_Assignment_: Output exactly the lines from the one containing "Thousands of Palestinians" through the final line of the entries below, both included, and skip the pictures.

_Records shown_:

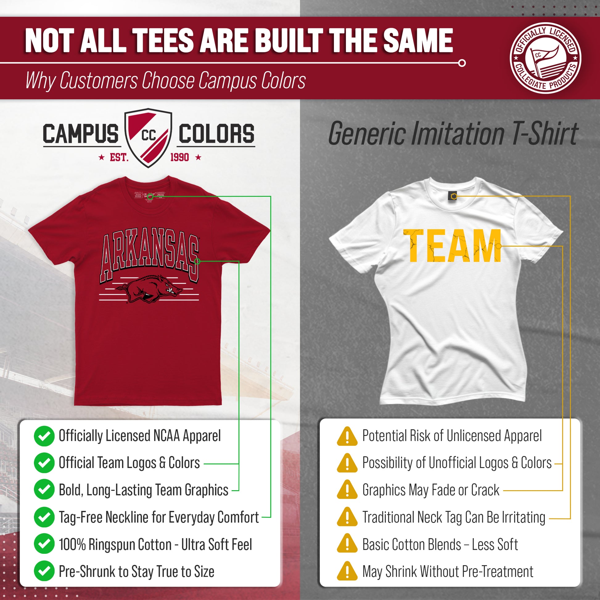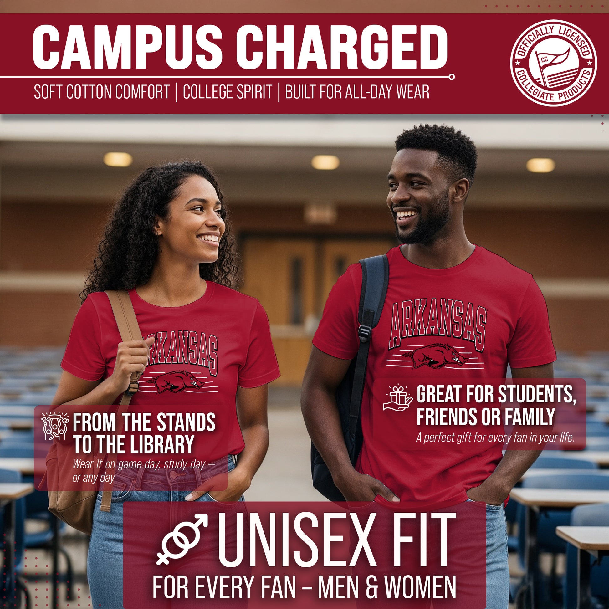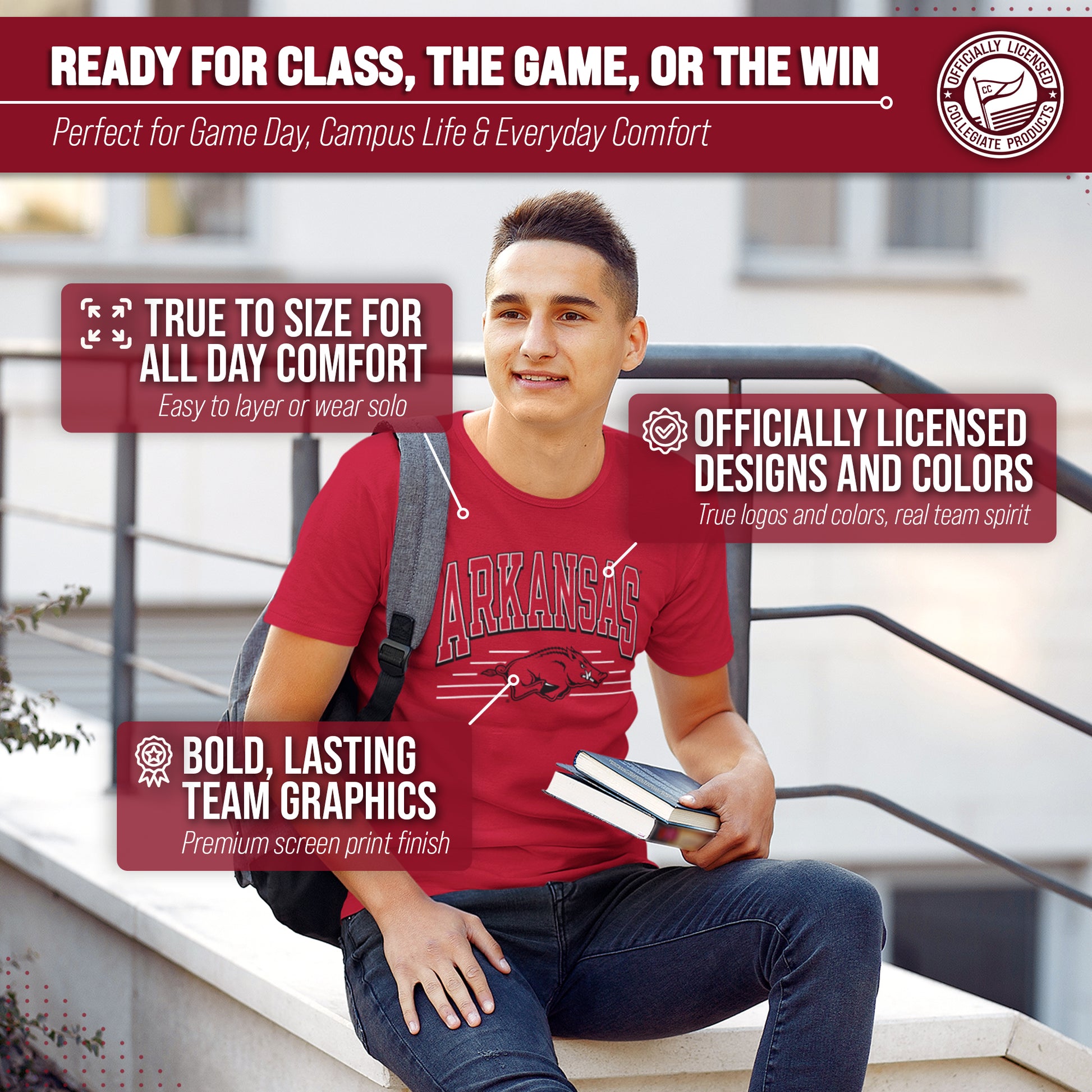 Go Team, Go! Show off your school spirit with the NCAA Adult Unisex Overtime Classics Arkansas Razorbacks T-Shirt! Our officially licensed apparel will have you feeling like a member of the team! Made from comfortable and breathable cotton and featuring a teamcolor garment, this t-shirt is perfect for game days, tailgates, or just lounging around. The tag-less design ensures ultimate comfort and no annoying tags to distract you from cheering on your team. Perfect for wearing to the big game, watching from home, hanging with friends, or even working out! Our Overtime CLassics Arkansas Razorbacks shirt makes a great gift for yourself, or any Razorbacks fan in your life! Our shirts are made from ringspun cotton for a soft feel against your skin and features a classic design highlighting your favorite college team. With short sleeves and a variety of sizes to choose from, these t-shirts are perfect for men and women alike. So gear up for game day with the NCAA Adult Unisex Overtime Classics T-Shirt - the perfect addition to any Arkansas Razorbacks fan's wardrobe!
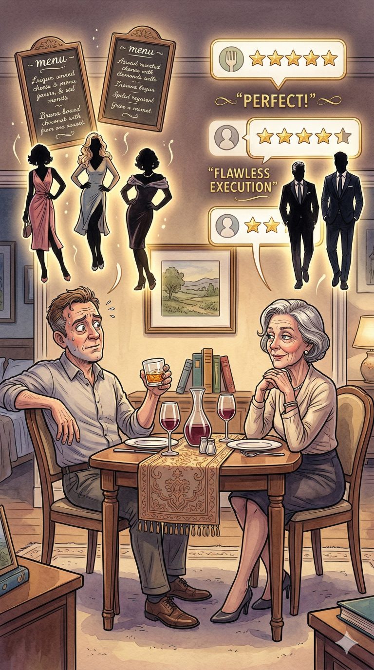 The husband doesn’t even flinch. He takes a gradual sip of his drink.
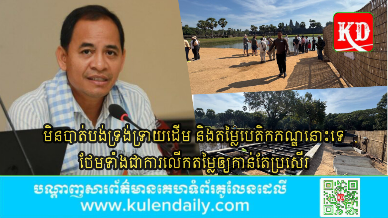 ខេត្តសៀមរាប ៖ នៅព្រឹកថ្ងៃទី ១២ ខែមករា ឆ្នាំ២០២៥ នេះ ឯកឧត្តម ឡុង កុសល អគ្គនាយករង និងជាអ្នកនាំពាក្យ អាជ្ញាធរជាតិអប្សរា បានប្រាប់ឲ្យ ទីភ្នាក់ងារ សារព័ត៌មានគូលែនដេលី ដឹងថា ការសាងសង់សំណង់ដែកលាយបេតុងវេទិការ នៅមាត់ស្រះទឹកខាងត្បូង ក្នុងប្រាសាទអង្គរវត្ត ដែលស្ថិតក្នុងភូមិក្រវ៉ាន់ សង្កាត់នគរធំ ក្រុងសៀមរាប ខេត្តសៀមរាបនោះ គឺជាកំរាលដើម្បីភ្ញៀវទេសចរថតរូបកំពូលប្រាសាទចាំងផ្លាតជាមួយទឹកស្រះ។
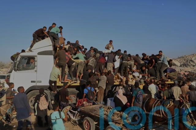 Thousands of Palestinians crowded against aid trucks entering the Gaza Strip through the southern Morag corridor on Monday, attempting to get whatever food they could during a protracted food shortage across the enclave.
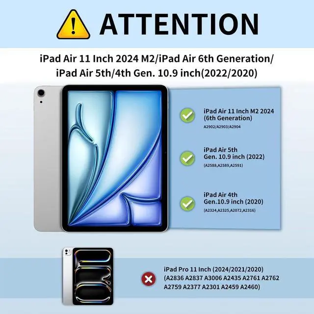 Compatibility Case Only for iPad Air 11 Inch (M3/M2-2025/2024), iPad Air 5th/4th Generation 2022/2020 Not fit other tablet models, please check the model before purchasingMaterial: PU Leather + TPUfor iPad Air 11 Inch M2 2024 Tablet Case with Adjustable StandAllows to set multiple horizontal standing angles for viewing, no angle limitAnti-Slip Design on the Cover Lining Can Help your Tablet Stand Support Stablyfor iPad Air 11 Inch M2 2024Auto

_Exercise output_:
 Thousands of Palestinians crowded against aid trucks entering the Gaza Strip through the southern Morag corridor on Monday, attempting to get whatever food they could during a protracted food shortage across the enclave.
 Compatibility Case Only for iPad Air 11 Inch (M3/M2-2025/2024), iPad Air 5th/4th Generation 2022/2020 Not fit other tablet models, please check the model before purchasingMaterial: PU Leather + TPUfor iPad Air 11 Inch M2 2024 Tablet Case with Adjustable StandAllows to set multiple horizontal standing angles for viewing, no angle limitAnti-Slip Design on the Cover Lining Can Help your Tablet Stand Support Stablyfor iPad Air 11 Inch M2 2024Auto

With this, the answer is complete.